_SOURCE INFORMATION_.
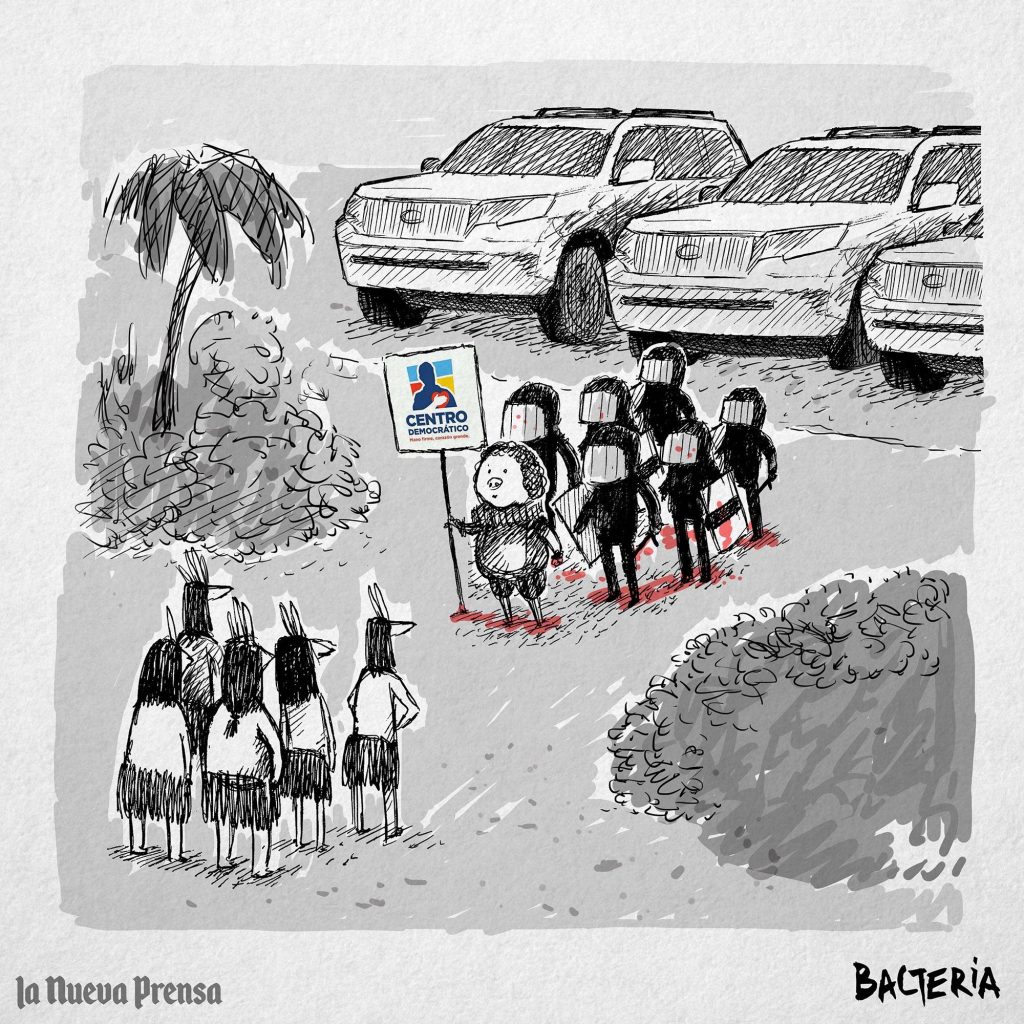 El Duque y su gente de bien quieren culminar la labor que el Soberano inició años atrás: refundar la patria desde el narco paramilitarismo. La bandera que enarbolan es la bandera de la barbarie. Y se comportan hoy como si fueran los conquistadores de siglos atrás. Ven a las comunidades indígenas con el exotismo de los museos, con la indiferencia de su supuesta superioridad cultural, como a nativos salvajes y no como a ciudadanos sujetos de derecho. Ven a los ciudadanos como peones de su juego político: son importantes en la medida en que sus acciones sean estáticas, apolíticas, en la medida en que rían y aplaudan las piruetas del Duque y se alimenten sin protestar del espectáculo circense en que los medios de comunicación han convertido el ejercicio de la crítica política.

...

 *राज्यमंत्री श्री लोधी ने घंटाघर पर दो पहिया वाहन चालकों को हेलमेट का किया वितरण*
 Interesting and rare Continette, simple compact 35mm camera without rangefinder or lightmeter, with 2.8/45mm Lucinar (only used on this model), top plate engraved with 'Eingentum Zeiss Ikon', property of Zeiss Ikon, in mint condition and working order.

...

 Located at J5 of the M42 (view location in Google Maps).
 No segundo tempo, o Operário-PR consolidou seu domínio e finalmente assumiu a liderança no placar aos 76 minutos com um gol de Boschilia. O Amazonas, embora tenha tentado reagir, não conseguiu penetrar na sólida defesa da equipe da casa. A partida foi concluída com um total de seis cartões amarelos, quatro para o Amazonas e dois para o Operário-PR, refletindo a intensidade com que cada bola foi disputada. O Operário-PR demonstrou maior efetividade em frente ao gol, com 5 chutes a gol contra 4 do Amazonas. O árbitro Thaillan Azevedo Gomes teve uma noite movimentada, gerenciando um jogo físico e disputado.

_EXERCISE AIM_.
Copy verbatim, from the listing above, each line from the one containing "का किया वितरण*" down to the one containing "Interesting and rare", inclusive.

_SOLUTION_.
 *राज्यमंत्री श्री लोधी ने घंटाघर पर दो पहिया वाहन चालकों को हेलमेट का किया वितरण*
 Interesting and rare Continette, simple compact 35mm camera without rangefinder or lightmeter, with 2.8/45mm Lucinar (only used on this model), top plate engraved with 'Eingentum Zeiss Ikon', property of Zeiss Ikon, in mint condition and working order.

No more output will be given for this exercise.